ARC NEWS
Air New Zealand and Air China reauthorise alliance
March 31, 2026
Air New Zealand and Air China have had their alliance reauthorised until 2031 by New Zealand's transport ministry. The carriers have operated their China-New Zealand services through the alliance since 2015, primarily through opening domestic connections on each other's networks. "The alliance continues to improve access between New Zealand and key destinations across China, while supporting inbound tourism and business links with one of our largest trading partners," states Air New Zealand chief transformation and alliances officer Mike Williams. Cirium schedules data shows that Air China flies thrice weekly between Auckland and Beijing Capital, while Air New Zealand flies six times a week from Auckland to Shanghai Pudong.

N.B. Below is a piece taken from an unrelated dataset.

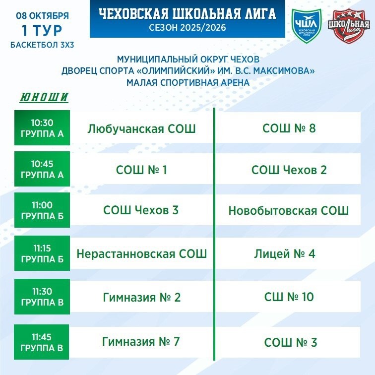 ✨ 🏀 РАСПИСАНИЕ | БАСКЕТБОЛ 3х3 🏀 8 октября на малой спортивной арене ДС «Олимпийский» им. В.С. Максимова» состоятся первые встречи команд ЧШЛ! 🤩 Юноши и девушки будут играть в баскетбол 3х3 📍 Адрес: г. Чехов, ул. Полиграфистов, стр. 30 ❗️НАЧАЛО ИГР в 10:30 Поделись постом со своей командой!😉 🏢 Дворец спорта Олимпийский имени В.С. Максимова 📍 г. Чехов, ул. Полиграфистов, стр.30 ⭐Разместить публикацию ⭐Поддержать голосом ✅ Спортивный Чехов https://dzen.ru/id/66f02564335c7475d84fbf87 http://vk.com/chehov_sport http://dzen.ru/chehov_sport

​Oman completes SalamAir acquisition
March 30, 2026
The government of Oman has completed its purchase of a majority stake in local low-cost carrier SalamAir, as part of its plans to develop the country’s airline market. Writing on LinkedIn, chief executive Adrian Hamilton-Manns describes the move as a "major step" for the airline as it continues its turnaround strategy. That has involved refocusing on its core low-cost market, increasing its fleet, and launching routes to eight new destinations around the region. "The news announced today of change in ownership enables the airline to align with the goals of Vision 2040 and ensure SalamAir contributes to co-ordinated growth in the aviation sector," says Hamilton-Manns, adding: "Today's news means the future is indeed bright." The carrier was previously owned by the Muscat National Development and Investment Company. Oman’s Vision 2040 is a 20-year national development strategy launched in 2021 with the aim of transforming the country into a developed, diversified and sustainable economy. SalamAir has 19 aircraft, Cirium fleets data shows, a mix of Airbus A320s, A321s and one Boeing 737 Max.

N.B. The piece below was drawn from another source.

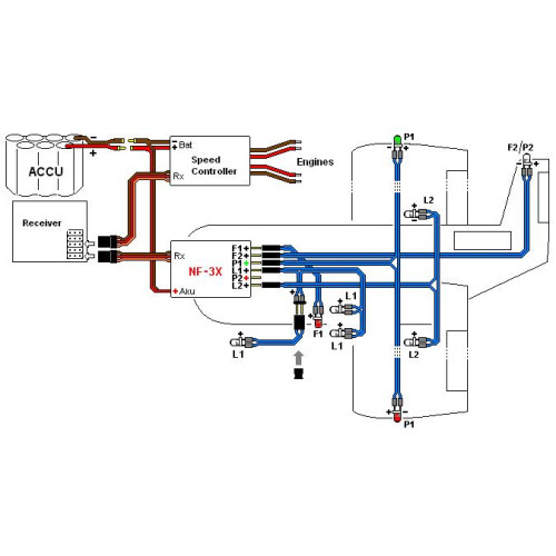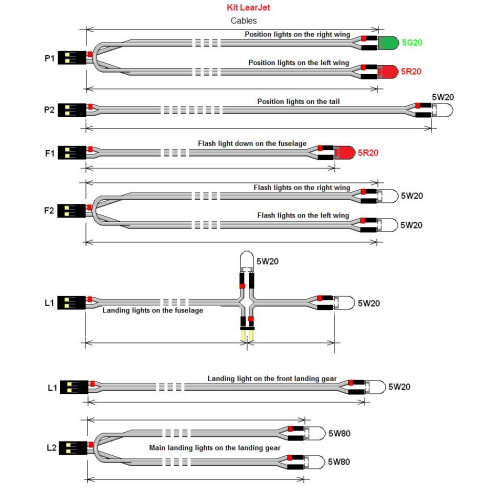 Der Kit enthält die Einheit NF-3X, eine rote, eine grüne und eine weiße LED 20 mA für Positionsleuchten, zwei weiße und eine rote LED 20 mA für Blitzleuchten und drei weiße LEDs 80 mA für Landeleuchten. Alle LEDs sind mit einer Verkabelung und Verbindungsstecker in Ausmaße von Flugzeugmodell LearJet 45 ausgestattet.

​Lufthansa reaches labour deal with German ground staff
March 30, 2026
Lufthansa Group has agreed a collective bargaining agreement with around 20,000 ground staff based in Germany, amounting to roughly a fifth of the company's entire workforce. The deal with the Verdi union will last for a minimum of two years and provides for pay increases of 4.6%. That includes retroactive pay rises for employees of Lufthansa Technik and Lufthansa Cargo, followed by further pay rises in March next year. At Lufthansa mainline, staff will receive pay rises at the start of next year and on 1 March, the increases having been delayed "due to the challenging economic situation", says the group. Executive board member Michael Niggemann states that the long-term nature of the deal provides "a solid foundation for continuing to invest in the Lufthansa Group and thus also in the future of our employees". He adds that the company plans to co-ordinate with unions on "crisis measures" to safeguard jobs "should the impact of the geopolitical conflicts on the Lufthansa Group intensify".